Am I properly simplifying this geometric progression?

You've gotten an answer to your specific question, but I want to explain how to correctly solve the question in a mathematically rigorous manner, and not appealing to handwaving. (Every occurrence of "···" is an instance of lack of rigour.)

Working 1

$T(n) - 2·T(n-1) = -1$.

$2 · ( T(n-1) - 2·T(n-2) ) = 2·-1$.   // We do this to match and cancel the $2·T(n-1)$.

$4 · ( T(n-2) - 2·T(n-3) ) = 4·-1$.   // We do this to match and cancel the $4·T(n-2)$.

...   // Not rigorous! We need to express the pattern rigorously.

Solution 1

Take any integer $n > 1$.

$T(n) - 2·T(n-1) = -1$.

$2^k · ( T(n-k) - 2·T(n-k-1) ) = -2^k$ for every integer $k < n-1$.

$\sum_{k=0}^{n-2} ( 2^k · ( T(n-k) - 2·T(n-k-1) ) ) = \sum_{k=0}^{n-2} -2^k$.

$\sum_{k=0}^{n-2} ( 2^k·T(n-k) - 2^{k+1}·T(n-k-1) ) = \sum_{k=0}^{n-2} -2^k$.

$\sum_{k=0}^{n-2} (2^k·T(n-k)) - \sum_{k=0}^{n-2} (2^{k+1}·T(n-k-1)) = -2^{n-1} + 1$.

$\sum_{k=0}^{n-2} (2^k·T(n-k)) - \sum_{k=1}^{n-1} (2^k·T(n-k)) = -2^{n-1} + 1$.

$2^0·T(n-0) - 2^{n-1}·T(n-(n-1)) = -2^{n-1} + 1$.

$T(n) = 2^{n-1}·T(1) - 2^{n-1} + 1 = 2^n + 1$.

Check that $T(1) = 2^1 + 1$ as well, because the above proof assumed $n > 1$.

Solution 2

Take any integer $n > 1$.

$T(n) - 2·T(n-1) = -1$.

$( T(n) - 2·T(n-1) ) / 2^n = -1/2^n$.

$T(n)/2^n - T(n-1)/2^{n-1} = -1/2^n$.

Take any integer $m > 1$.

$\sum_{n=2}^m ( T(n)/2^n - T(n-1)/2^{n-1} ) = \sum_{n=2}^m -1/2^n$.

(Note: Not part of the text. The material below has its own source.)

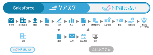 今回のサービス連携により、BtoBサブスクリプション事業社は商談情報を、契約の管理から見積、請求業務、入金管理までをSalesforceプラットフォーム上で実現することが可能になります。 請求情報がソアスクからNP掛け払いに連携され、請求書がNP掛け払いにて自動的に発行されます。入金管理/督促まで対応しており、請求業務そのものをアウトソーシングすることができ、効率的な業務遂行が実現されます。

$\sum_{n=2}^m (T(n)/2^n) - \sum_{n=2}^m (T(n-1)/2^{n-1}) = -1/2 + 1/2^m$.

$\sum_{n=2}^m (T(n)/2^n) - \sum_{n=1}^{m-1} (T(n)/2^n) = -1/2 + 1/2^m$.

$T(m)/2^m - T(1)/2^1 = -1/2 + 1/2^m$.

$T(m) = 2^m·(T(1)/2-1/2) + 1 = 2^m + 1$.

Check that $T(1) = 2^1+1$ as well.

The left sides of your second and third equations should be $T(n)$, not what you have written. Under "Factoring out a $-1$" it would be better to end with $2^{n-3}+2^{n-2}$ to maintain the pattern of the exponents increasing by $1$. Your progression does end with $2^{n-2}$. That is why the numerator of the sum has $2^{n-1}$. If you look at the formula for the sum of a finite geometric progression, the exponent is $1$ more than the highest term: $$1+r+r^2+\ldots +r^k=\frac {r^{k+1}-1}{r-1}$$ When you add $1$ to $n-2$ you get $n-1$ so your teacher's sum of the progression is correct. Your final answer is also correct.

If you are not sure that your calculation is right you should try to verify your calculations.

The first ten numbers of the first recurrence relation

$$T(n) = 2*T(n-1) - 1$$

are

$$3,5,9,17,33,65,129,257,513,1025$$

ten numbers of the second recurrence relation

$$T(n-1) = 2^2*T(n-2) - 2 - 1$$

are

$$3,9,33,129,513,2049,8193,32769,131073,524289$$

So these are different calculations, so something went wrong.

The sentence "the pattern ... represents this relation" is rather unclear. Give it a precise meaning and try to verify it.